EXERCISE DESCRIPTION: Copy out the data word for word. The images are not part of the copy.

INPUT DATA:
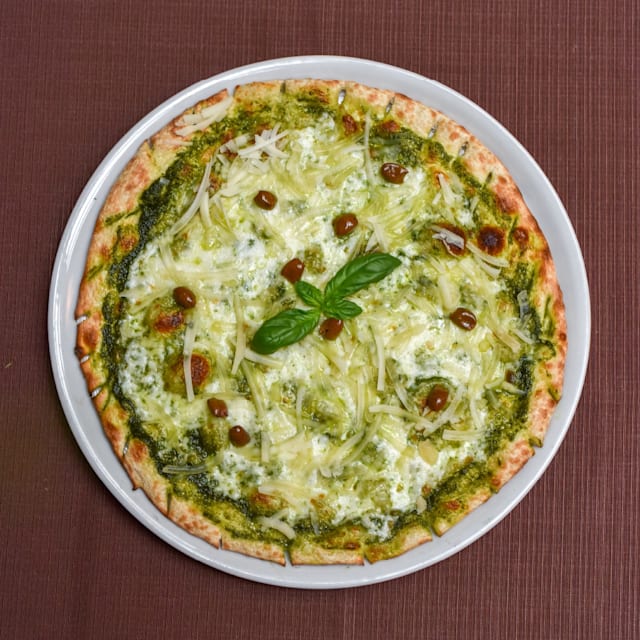 Mozzarella, crema di basilico, olive taggiasche, grana grattuggiato
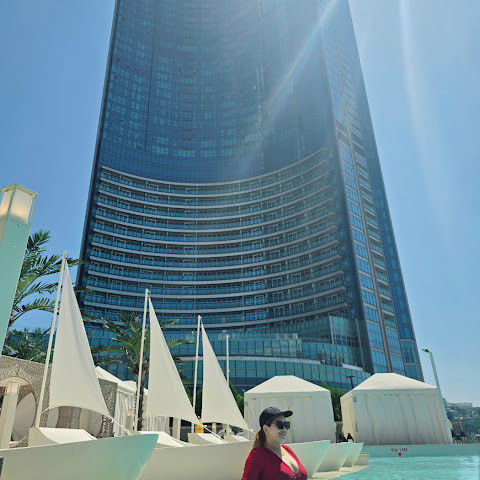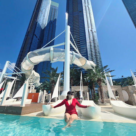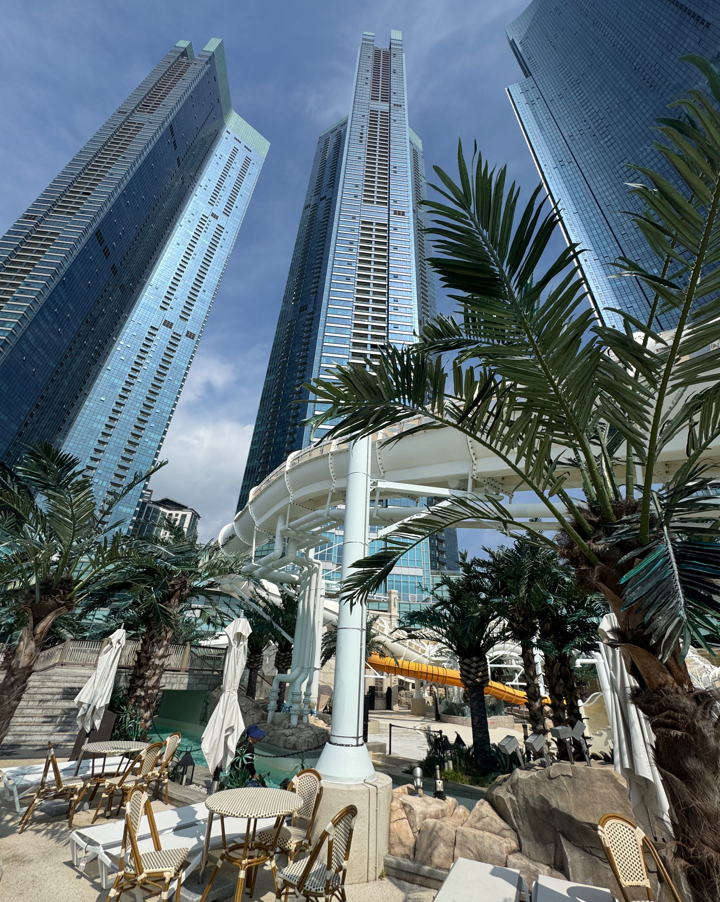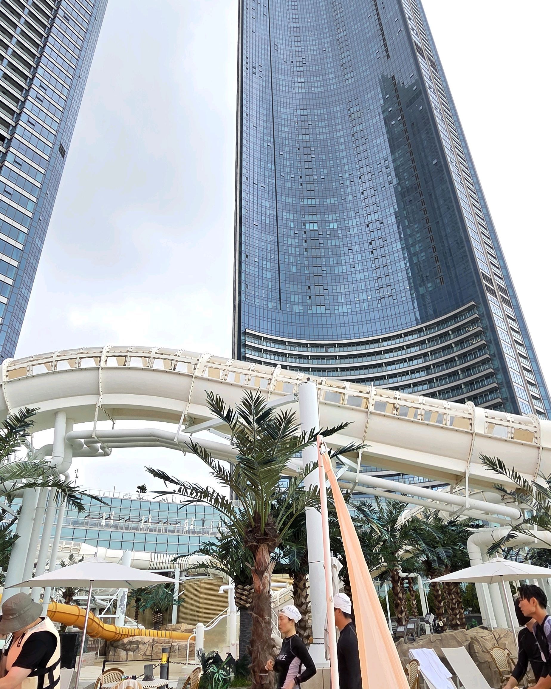 끝나는 쪽은 요금이 좀 비싸지만, 인피니티 풀에서 보이는 경치는 그만한 가치가 있습니다. 마찬가지로, 슬라이드는 아이들이 좋아할 만한데, 기다려야 합니다(저희는 평일에 갔는데 사람이 덜 붐볐습니다).
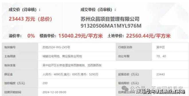 东吴序售楼处营销中心:400-8828-814东吴序售楼处电话/地址☎:400-882-8814(开发商热线)今年1月土拍中,苏州众昌项目管理(吴中建设)底价拿下该地块,成交总价2.3亿,成交楼面价15040元/㎡。
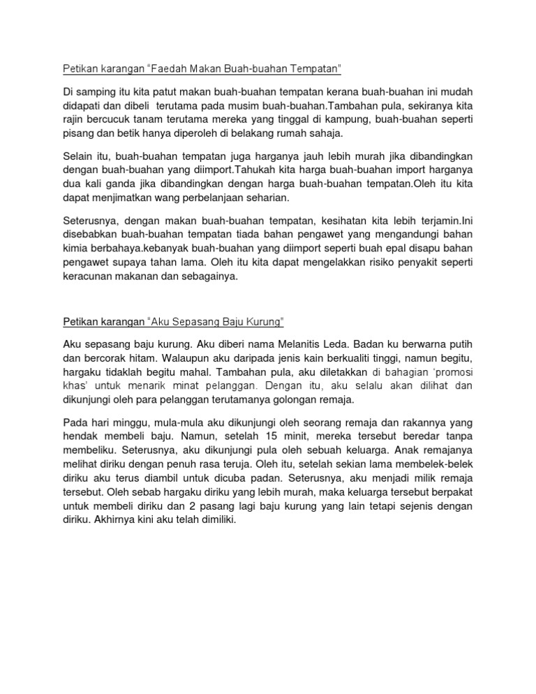 Karangan kelebihan buah buahan tempatan. Ini kerana buah tempatan juga amat kaya dengan pelbagai nutrisi dan khasiat untuk kesihatan tubuh. Pokok buah buahan ini seperti pisang dan betik boleh kita tanam sendiri di sekeliling rumah apatah lagi sekiranya kita tinggal di kampung. Di bawah dikongsikan contoh karangan kelebihan dan kebaikan buah buahan tempatan sebagai rujukan buat para pelajar.
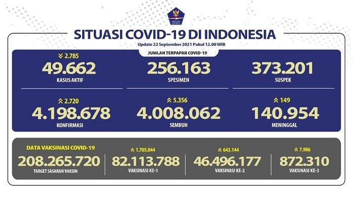 UPDATE Covid-19 Indonesia 22 September 2021: Pasien Baru Tambah 2.720, Sembuh 5.356 Orang, 149 Wafat

EXERCISE RESPONSE:
 Mozzarella, crema di basilico, olive taggiasche, grana grattuggiato
 끝나는 쪽은 요금이 좀 비싸지만, 인피니티 풀에서 보이는 경치는 그만한 가치가 있습니다. 마찬가지로, 슬라이드는 아이들이 좋아할 만한데, 기다려야 합니다(저희는 평일에 갔는데 사람이 덜 붐볐습니다).
 东吴序售楼处营销中心:400-8828-814东吴序售楼处电话/地址☎:400-882-8814(开发商热线)今年1月土拍中,苏州众昌项目管理(吴中建设)底价拿下该地块,成交总价2.3亿,成交楼面价15040元/㎡。
 Karangan kelebihan buah buahan tempatan. Ini kerana buah tempatan juga amat kaya dengan pelbagai nutrisi dan khasiat untuk kesihatan tubuh. Pokok buah buahan ini seperti pisang dan betik boleh kita tanam sendiri di sekeliling rumah apatah lagi sekiranya kita tinggal di kampung. Di bawah dikongsikan contoh karangan kelebihan dan kebaikan buah buahan tempatan sebagai rujukan buat para pelajar.
 UPDATE Covid-19 Indonesia 22 September 2021: Pasien Baru Tambah 2.720, Sembuh 5.356 Orang, 149 Wafat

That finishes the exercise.